Whilst no one wants to hear this, it is to be expected as the imbalances compound, and therefore the forces from those imbalances trying to clear, and from the government adding more imbalances to prevent that clearing, will become increasingly extreme, as history attests.
The imbalances are at every level, including at a global level. All systems self-order to optimise the degradation of the energy gradient within its boundaries or constraints, which in the economy and society’s case, are largely the government and central bank policies.
Over recent decades, these have resulted in the imbalance most obviously being in asset price inflation relative to the GDP that is backing it, shifting the wealth and power from a productively optimal distribution of workers, entrepreneurs, and owners of capital, to concentrating the power in the asset rich. It has also shifted production abroad, making some of the imbalances global, which, given that we are defined and governed by the imbalances, has given the impression of a global government or “Davos Man”, especially from the international conglomerates that seem to stand outside or above the national level.
Ultimately, however, the power still rests with the sovereign, for the time being at least, and at a higher level, the people, but importantly, they need to remember that and start exercising that power.
This means re-engaging with the political process, defining the political parties which have become totally divorced from the public they are supposed to represent. Whilst the public could take back power whenever it wants, simply by withdrawing its collective labour or consumption, as it would come at a huge expense, it will only do so when the costs of not doing so are high enough to make it worthwhile.
Until it does, the inflation will remain largely focussed on asset prices rather than end goods. In this sense, we can see the end goods inflation of recent months as an “investment” in this trade.
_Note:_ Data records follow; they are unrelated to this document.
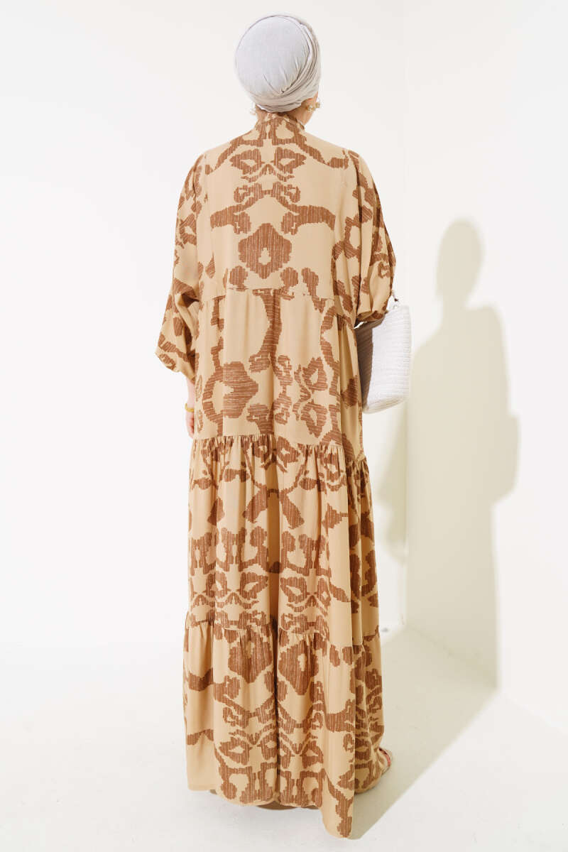 Düğmeli Tensel İnce Kemerli Elbise Kahve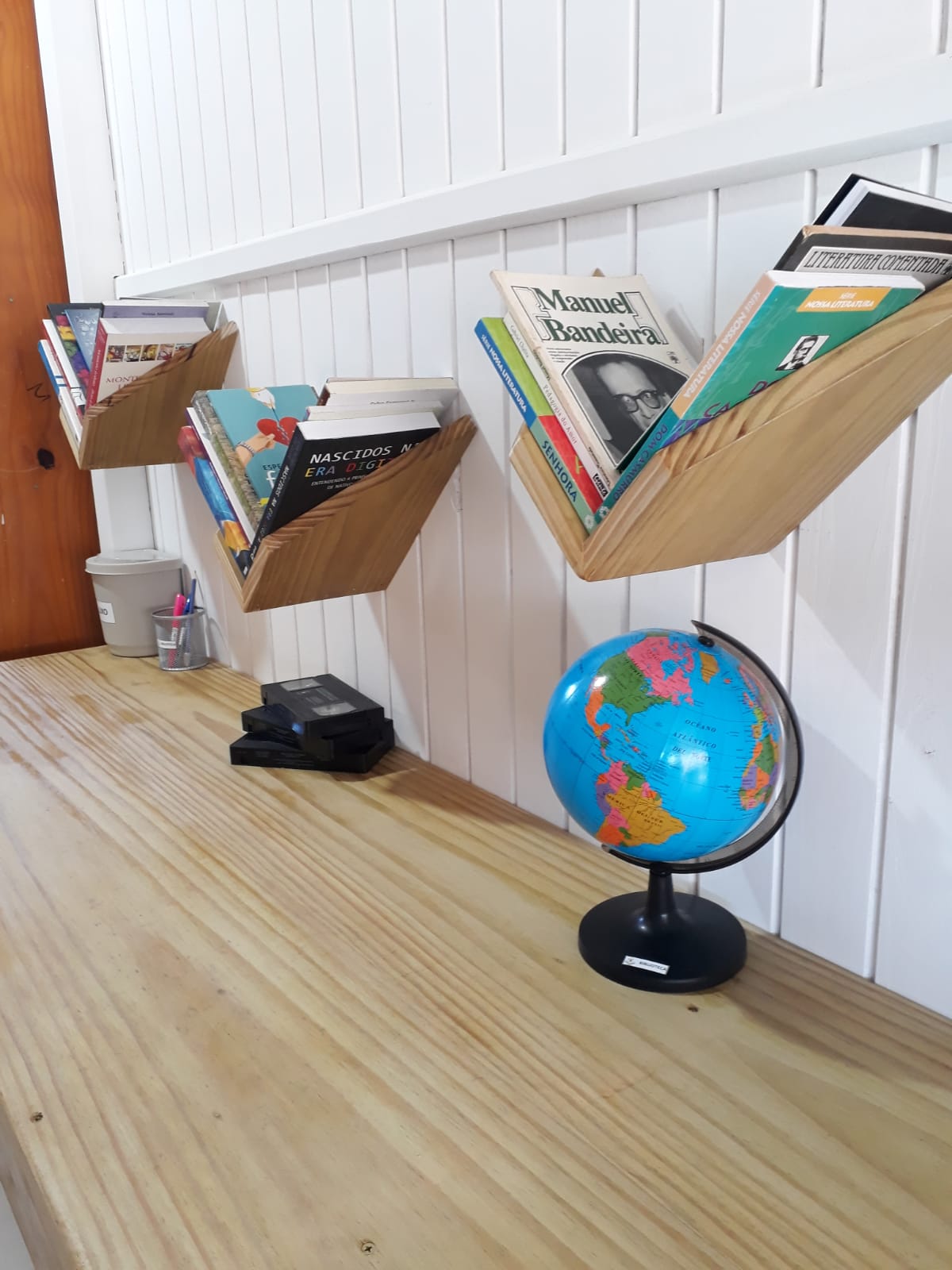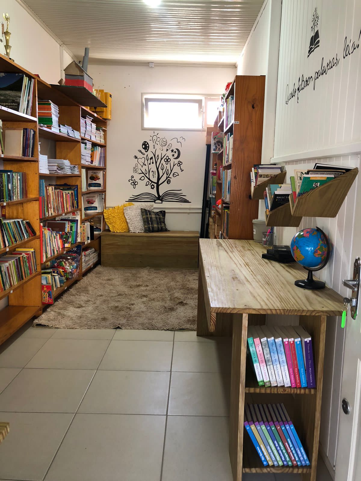 Não foi necessário adquirir mais livros, mas sim uma organização geral no espaço, para permitir o acesso dos alunos. Para a mão de obra, ela contou com voluntários, como os amigos e o pai, seu João Garcia. Os alunos da instituição organizaram e classificaram o acervo de livros. As prateleiras foram numeradas e nomeadas, móveis novos como mesa e até um baú foram confeccionados. ”No baú, foram guardados os mapas corporais, do Brasil e o mapa mundi, que ainda poderá ser usado como banco”, sugere.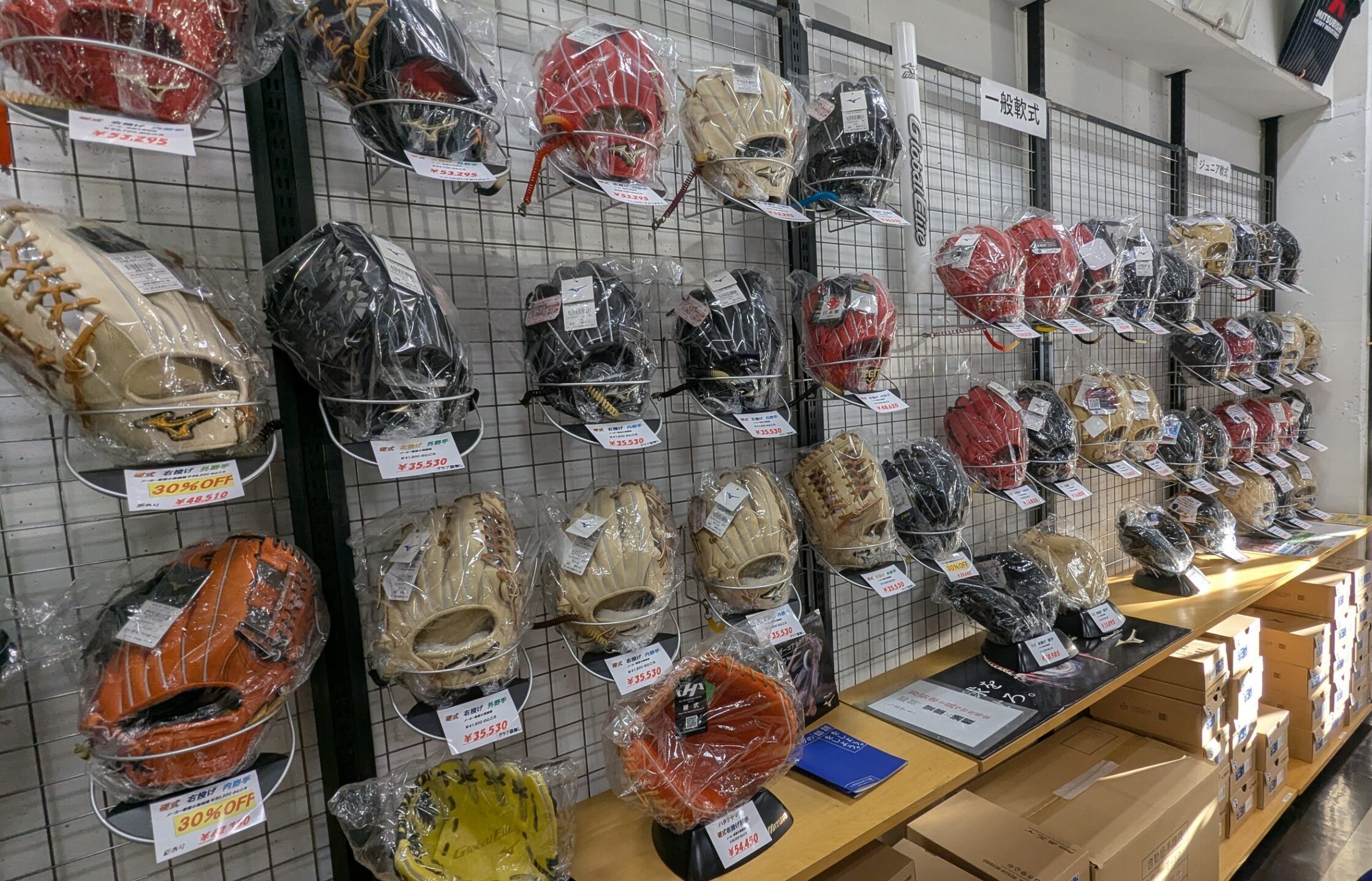 神戸市須磨区の店舗では、スタッフが厳選したグラブ・バット・スパイクを取り揃えており、実際に手に取って最適なギアをお選びいただけます。また、チームや選手に合わせたオーダーや刺繍加工、購入後のアフターサポートとしてグラブやスパイクなどの用具修理も承っております。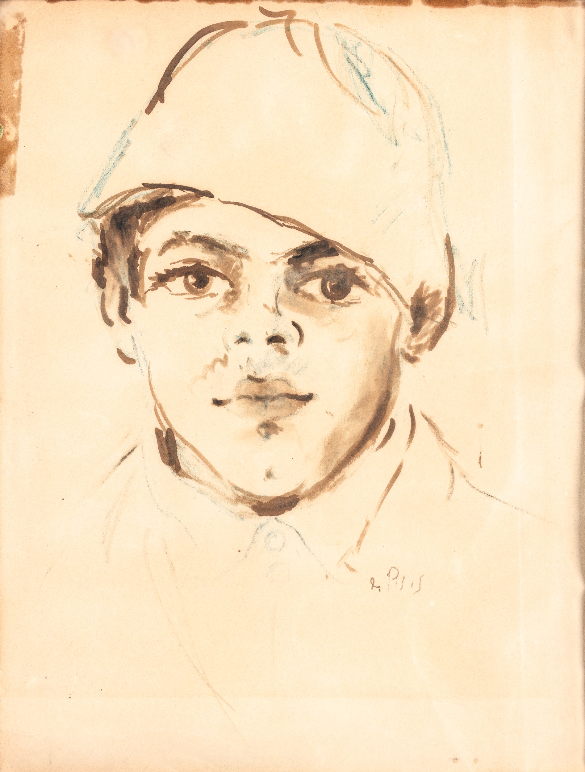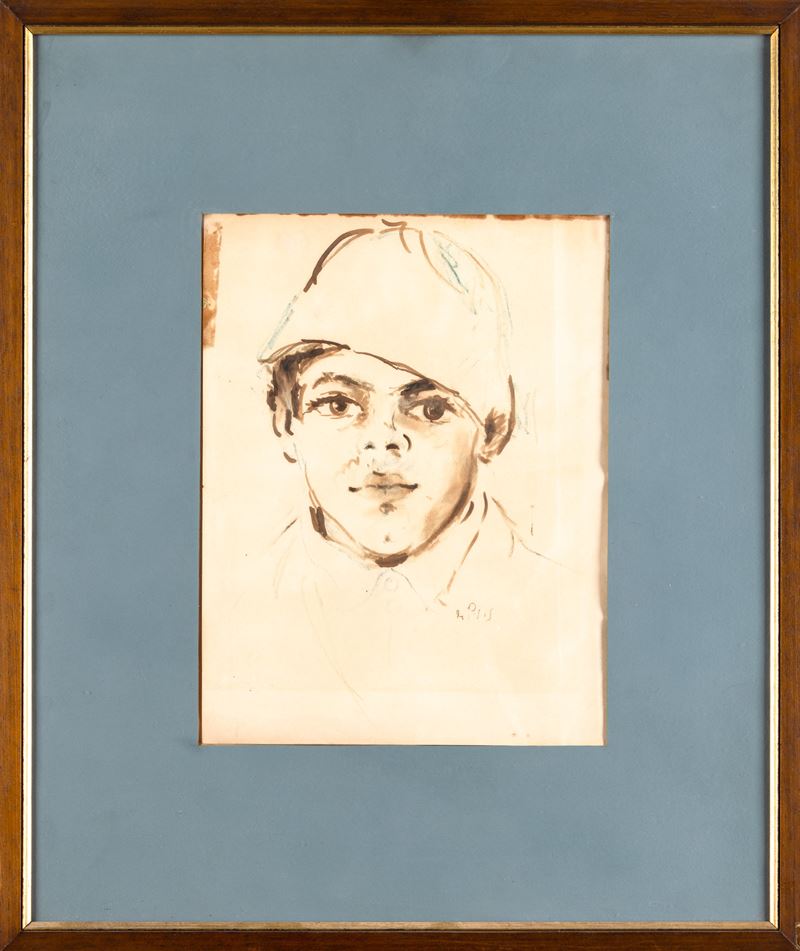 Ragazzo con berretto - Studio di figura seduta , anni '30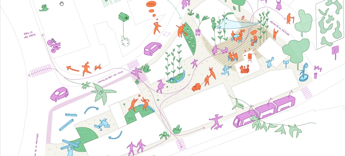 L’articulation du projet avec l’espace public est à l’origine de fortes synergies entre la Codha et la commune de Chêne-Bougeries dont nous saluons l’esprit d’ouverte et la volonté de collaboration. Le projet « Coeur de parc» du bureau Urbanité(s) est désigné lauréat du concours sur espace public en février 2024.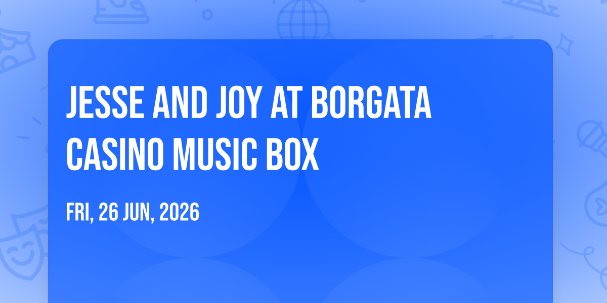🌟 Step into a world of wonder at Jesse and Joy at Borgata Casino Music Box, where extraordinary moments await! 🏛️ Located at Borgata Casino Music Box in dynamic Atlantic City, NJ, this event will become the talk of the town. 📅 Join us on June 26th, 2026 at 07:30 PM for a celebration that defies the ordinary. ✨ This curated experience brings together the best of entertainment, culture, and community spirit. Every detail has been thoughtfully planned to ensure an unforgettable experience for all our guests. 🎯 Take advantage of this opportunity to be part of something special. 🎊 Early registration is recommended as space is limited!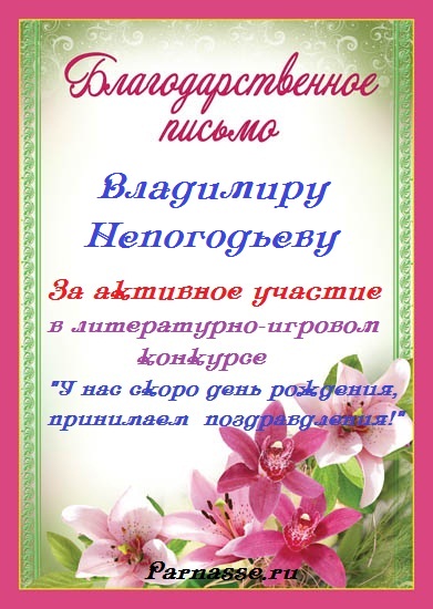 Номинация "Лучшее стихотворное поздравление Парнасу". Уважаемый Владимир!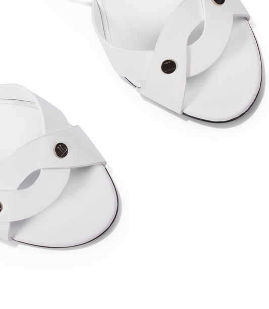 Sandali in pelle bianca con placche-logo

By closing the economy and paying people not to work, the government bought the public’s support, but in doing so destroyed capital, reducing productivity and therefore real GDP.
Whilst some of that loss was through damaged supply lines and reduced inventory resulting in end goods inflation, as the record wealth relative to GDP attests, most of it has been in asset prices as investment, competition, small businesses, and productive jobs, and competing ideas and opinions, were the real sacrifices. Recent data showing record inflows into equity funds whilst monetary growth aggregates slow suggest a continuation of this trend.
Whilst there are imbalances at every level, from within society to the global level, all of which are points of risk, it is the overall control that must grow to prevent the system clearing. This means individual risks will go in and out of fashion depending on the government or economics of the day, but overall the imbalances, and therefore risks, must continue to grow.
Many people believe that inflation will rotate to end goods rather than remain in assets, which is certainly possible, but it would mean taking power away from those that have it, who would use all their tools such as media, lobbying, and taking capital and jobs out of the country to oppose such a move. Shifting the focus of the imbalances would also change relative imbalances, which would add to risks, and change counterparties to those risks, although that may be necessary to avoid the system clearing.
Ceasing trade with China, for example, would create a massive imbalance between its capital stock and consumption, unless another trading partner, or other use could be found to balance that, would inevitably collapse the economy and turn the public against the government.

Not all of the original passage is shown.